### EXERCISE OBJECTIVE
Could you restate the whole listing below word for word, minus the pictures?

### THE DATA
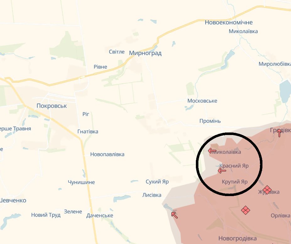 За інформацією українського військового паблику, йдеться про три населені пункти на Покровському напрямку – Червоному Яру, Миколаївці (північніший від Червоного Яру), Крутому Яру (на південь від Червоного Яру), а також про М'ясожарівку (Куп'янський напрям).
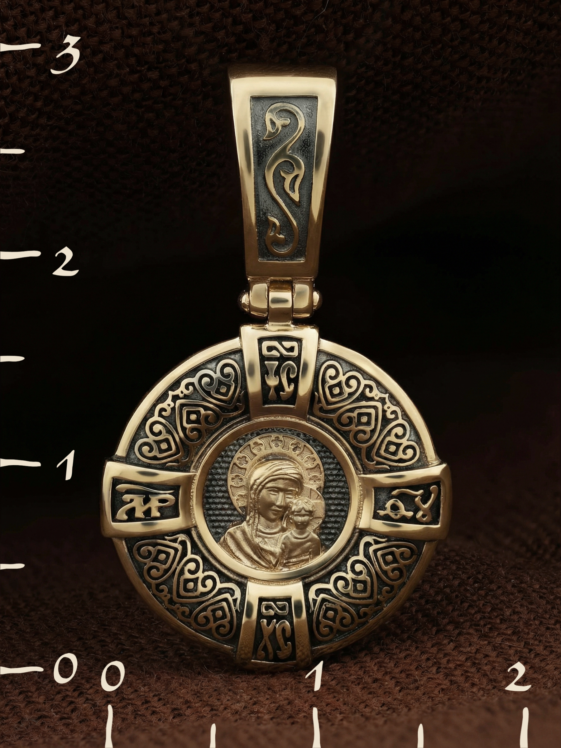 На лицевой части образка изображена Казанская икона Пресвятой Богородицы — одна из самых почитаемых в России чудотворных икон Богородицы. Богословское значение Казанской иконы — указать верующим истинный Путь к спасению, который лежит через Христа. Только Божия Матерь имеет настолько сильное дерзновение к Спасителю, что может ходатайствовать перед Ним за всех верных. Именно этот образ дарится новой повенчанной паре, как хранитель очага и семейная реликвия. Молитва перед Казанской иконой Божьей Матери помогает во всех сложных случаях жизни, в болезнях, во всех печалях, невзгодах, скорбях. Уникальная история появления, чудеса, случившиеся по молитвам православных людей возле образа — все это делает Казанскую Богородицу особенной, среди тысяч других икон.
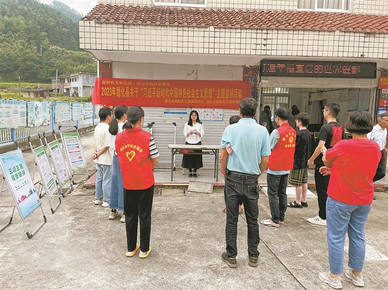 近日,德化县汤头乡以一月一次的爱心义诊活动为载体,在汤头村开展习近平新时代中国特色社会主义思想主题宣讲活动。汤头乡新时代文明实践所青年理论宣讲员以“唠家常”的方式,向大家讲述亲历故事和身边典型,用“家常话”讲出“大道理”,用“身边事”讲好“国家事”。
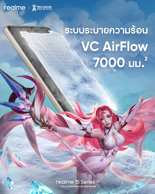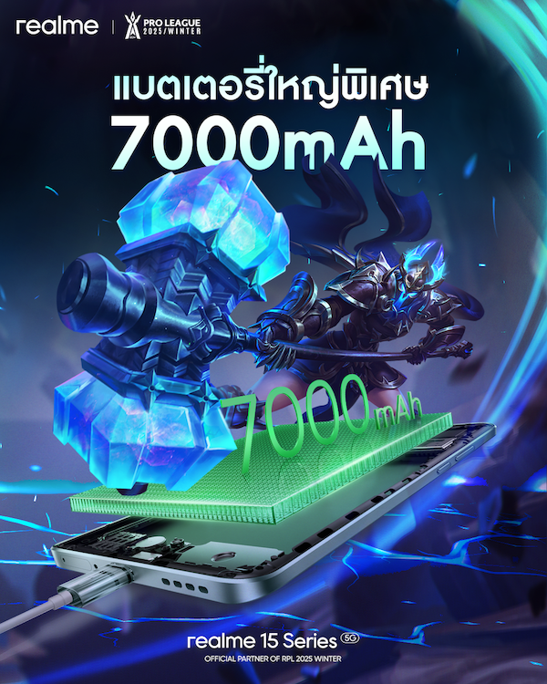 ด้วยพลังของเทคโนโลยีและความมุ่งมั่นในการยกระดับประสบการณ์เกมมิ่งให้เข้าถึงคนรุ่นใหม่ realme เดินหน้าสนับสนุนวงการอีสปอร์ตไทยอย่างต่อเนื่อง การร่วมเป็นส่วนหนึ่งของ RoV Pro League 2025 Winter สะท้อนวิสัยทัศน์ของแบรนด์ที่พร้อมผลักดันเกมเมอร์ให้ปลดปล่อยศักยภาพอย่างเต็มที่ ทั้งในสนามแข่งขันและในชีวิตจริง พบกันที่ บูธ realme (ก่อนทางเข้าเช็กอินงาน) วันที่ 25–26 ตุลาคม 2568 ณ Bitec Live ไบเทค บางนา ตั้งแต่เวลา 10.00 น. เป็นต้นไป เพื่อมาร่วมเชียร์ ร่วมเล่น และสัมผัสพลังเกมมิ่งระดับโปรลีกจาก realme 15 Series 5G สมาร์ตโฟนที่เร็ว แรง และลื่นไหลในแบบที่เกมเมอร์ตัวจริงต้องมี
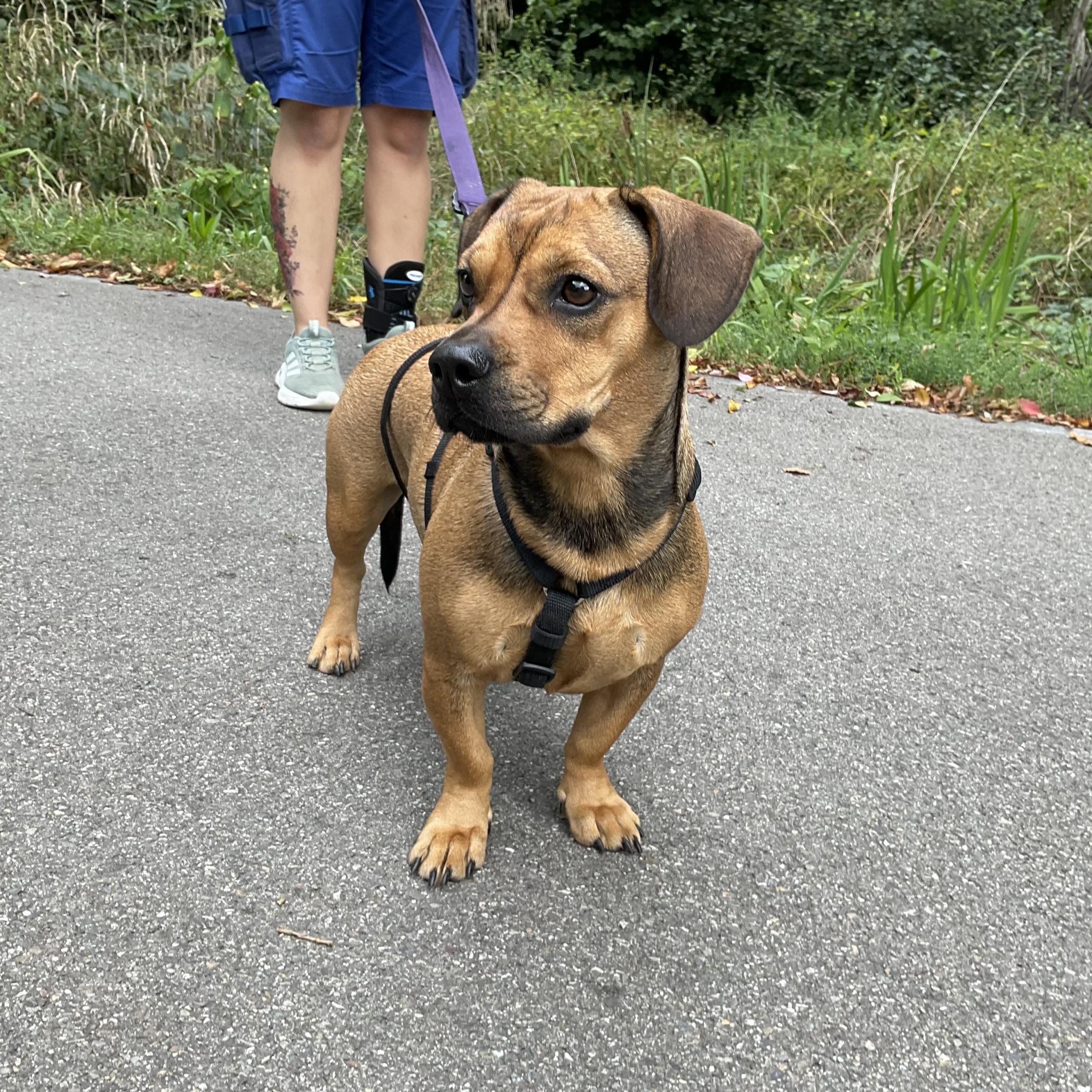 Gitti läuft bereits gut an der Leine , sie ist draussen sehr neugierig, bei neuen Sachen aber auch etwas vorsichtig. sie kann manchmal fremde Menschen. Neuen Menschen gegenüber ist sie im ersten Moment etwas zurückhaltend, taut aber schnell auf. In Gitti schummert ein grosser Jäger, dies bedeutet das sie zukünftig nicht unbedingt ab der Leine gelassen werden kann. Natürlich muss die Aktivität ihren kurzen Beinen angepasst werden.

### SOLUTION
 За інформацією українського військового паблику, йдеться про три населені пункти на Покровському напрямку – Червоному Яру, Миколаївці (північніший від Червоного Яру), Крутому Яру (на південь від Червоного Яру), а також про М'ясожарівку (Куп'янський напрям).
 На лицевой части образка изображена Казанская икона Пресвятой Богородицы — одна из самых почитаемых в России чудотворных икон Богородицы. Богословское значение Казанской иконы — указать верующим истинный Путь к спасению, который лежит через Христа. Только Божия Матерь имеет настолько сильное дерзновение к Спасителю, что может ходатайствовать перед Ним за всех верных. Именно этот образ дарится новой повенчанной паре, как хранитель очага и семейная реликвия. Молитва перед Казанской иконой Божьей Матери помогает во всех сложных случаях жизни, в болезнях, во всех печалях, невзгодах, скорбях. Уникальная история появления, чудеса, случившиеся по молитвам православных людей возле образа — все это делает Казанскую Богородицу особенной, среди тысяч других икон.
 近日,德化县汤头乡以一月一次的爱心义诊活动为载体,在汤头村开展习近平新时代中国特色社会主义思想主题宣讲活动。汤头乡新时代文明实践所青年理论宣讲员以“唠家常”的方式,向大家讲述亲历故事和身边典型,用“家常话”讲出“大道理”,用“身边事”讲好“国家事”。
 ด้วยพลังของเทคโนโลยีและความมุ่งมั่นในการยกระดับประสบการณ์เกมมิ่งให้เข้าถึงคนรุ่นใหม่ realme เดินหน้าสนับสนุนวงการอีสปอร์ตไทยอย่างต่อเนื่อง การร่วมเป็นส่วนหนึ่งของ RoV Pro League 2025 Winter สะท้อนวิสัยทัศน์ของแบรนด์ที่พร้อมผลักดันเกมเมอร์ให้ปลดปล่อยศักยภาพอย่างเต็มที่ ทั้งในสนามแข่งขันและในชีวิตจริง พบกันที่ บูธ realme (ก่อนทางเข้าเช็กอินงาน) วันที่ 25–26 ตุลาคม 2568 ณ Bitec Live ไบเทค บางนา ตั้งแต่เวลา 10.00 น. เป็นต้นไป เพื่อมาร่วมเชียร์ ร่วมเล่น และสัมผัสพลังเกมมิ่งระดับโปรลีกจาก realme 15 Series 5G สมาร์ตโฟนที่เร็ว แรง และลื่นไหลในแบบที่เกมเมอร์ตัวจริงต้องมี
 Gitti läuft bereits gut an der Leine , sie ist draussen sehr neugierig, bei neuen Sachen aber auch etwas vorsichtig. sie kann manchmal fremde Menschen. Neuen Menschen gegenüber ist sie im ersten Moment etwas zurückhaltend, taut aber schnell auf. In Gitti schummert ein grosser Jäger, dies bedeutet das sie zukünftig nicht unbedingt ab der Leine gelassen werden kann. Natürlich muss die Aktivität ihren kurzen Beinen angepasst werden.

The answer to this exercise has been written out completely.